Some of the rugs are wool, others not. Price was good. We keep some of the nicer ones aside for walls, as well as a big scroll of wool felt. The hemp did cost about $400 for the whole yurt.

We surely will have a fire extinguisher or two around.
 
Finished the top ring of thermofoils and added some of the wool blankets on the large gaps at the bottom. Will cover the remaining spots with some leftover materials once we finish the wall.



 
We did some adjusting and straightening of the insulation layers today.
Now let's see about the wall. Still need to think of some way to end and hide the ends of insulation and the outer cover at the door frame.
Anyone can advice me how that's done? I can imagine adding some extra wide board to the frame, that would go over the ends of the fabric, but really not sure if that's the right way to go. Can't find any helpful photos of this detail.

Also, as the insulating materials are being moved from smithy to the yurt, my smithy is finally usable again and I can work on the hinges and such. Will also make forged stuff to all who wanted some before, your requests were not forgotten!
 
I have the same problem. Cold air rushes into the yurt from the sides and top of the door frame when the stove is fired. Upside is you can see which grandkid is coming in. lol

One way to halt all this would be to butt a 3/4 board edgewise to the door frame to where the front is flush with the the frame and forms an 'ell'. The wall cover could be attached to the front.

Above the door frame freeze blocks -sized the height of the rafters- could be attached to the frame between the rafters and flush with the outside edge of the door frame. The roof cover could wrap over the ends of the rafters and 'return' back to the frieze block and be attached there. The entire cover would then be attached to the outside all round the door frame. That should shed water in a hard driving rain.


I've also seen door frame sides made as a 'c' channel, with a front AND rear side extension. The frame and the cover tuck into the slot. Detailing above the door I haven't a clue.

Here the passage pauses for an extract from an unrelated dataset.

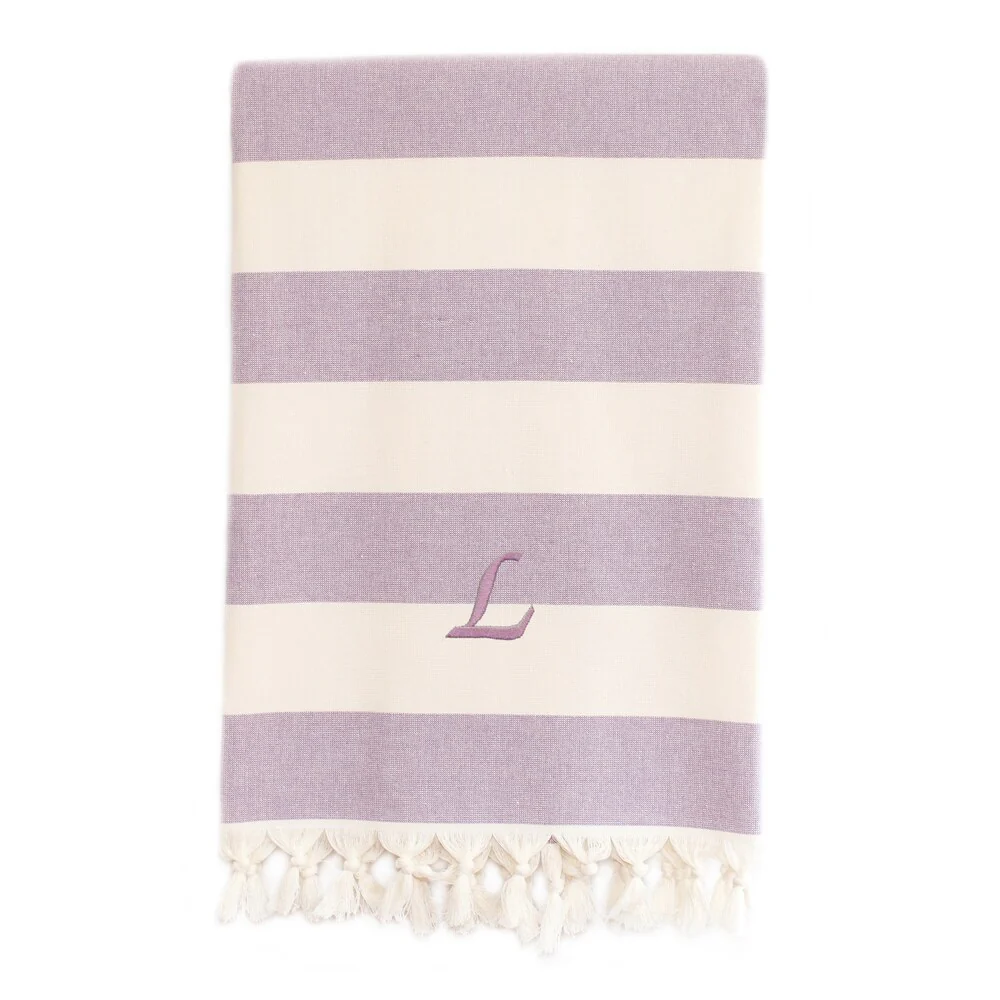 A beautiful yarn dyed stripe pattern adorns this fashionable Authentic Fouta Bath/Beach Towel with a soft Turkish cotton construction. This monogrammed Authentic Pestamel Fouta towel wrap in melon orange and cream bold cabana stripes features a flat woven front with a super soft terry back for maimum absorbency. Choose a single initial to be monogrammed on this lightweight and durable towel that is perfect to use for home or travel as a bath towel, beach towel or bathing suit sarong.

Lastly, having a door stop for the door to seal against is important. I need to retro fit one to my door jamb so that when the door is closed it seals against the stop, just as with all standard exterior doors. That will stem water and air infiltration.

Just some ideas. Good luck.
 
OK knecht I just looked at your recent pics again. My cover to door detailing is just like yours. Mine leaks air big time when the stove is fired.

Take off the wall cover off and sew a hem on the door edge big enough to accept a wall lattice strip. Insert it in the hem. Screw it to the face of the jamb and the cover will be very solidly attached. Or simply pull the wall cover over the side jamb and screw a lattice strip over the cover to attach it to the jamb. Pull the roof cover over the ends of the rafters and secure it to the door frame header with lath.

As for the wall cover being short, either sew another piece of cover material to the bottom, or simply tuck another piece up under the upper cover, and attach to the lattice. I'd opt for sewing on an extension long enough to where it fully drapes down around the side of the platform. Keep the seam on the hem to the bottom.

Hopefully your roof cover hangs down the side wall far enough that the upper tension rope will snug it tight to the wall cover and lattice. That's what I did and I 'll say it makes a VERY good air seal.

I added loops to the top hem on my wall cover at every lattice cross. I merely drape the loop over one of the lattice strips. No sags. Works perfect. One heck of alot of work though. I also added loops to the outside hem of the roof cover. Those are roped to an anchor system around the yurt perimeter. Bombproof. A whole lotta sewing went into the wlal and roof cover. Yurt makers EARN their money lemme tell ya.
 
Thanks Bob, some good ideas there.
What I thought might work is this: I would add a wide board on each side of the door frame, attaching to the front face of it. The new board will overlap on the outer side. From the back, this new board would have a thick foam pipe insulation sleeve attached, which would work as sealing - it would be squeezed between the board and the wall material. I think this could work well.
I don't need anything on top of the door frame, as the roof attaches straight to it. The door is made to fit into the frame, but with a rim all around the door board, which is where I plan to put some door insulation.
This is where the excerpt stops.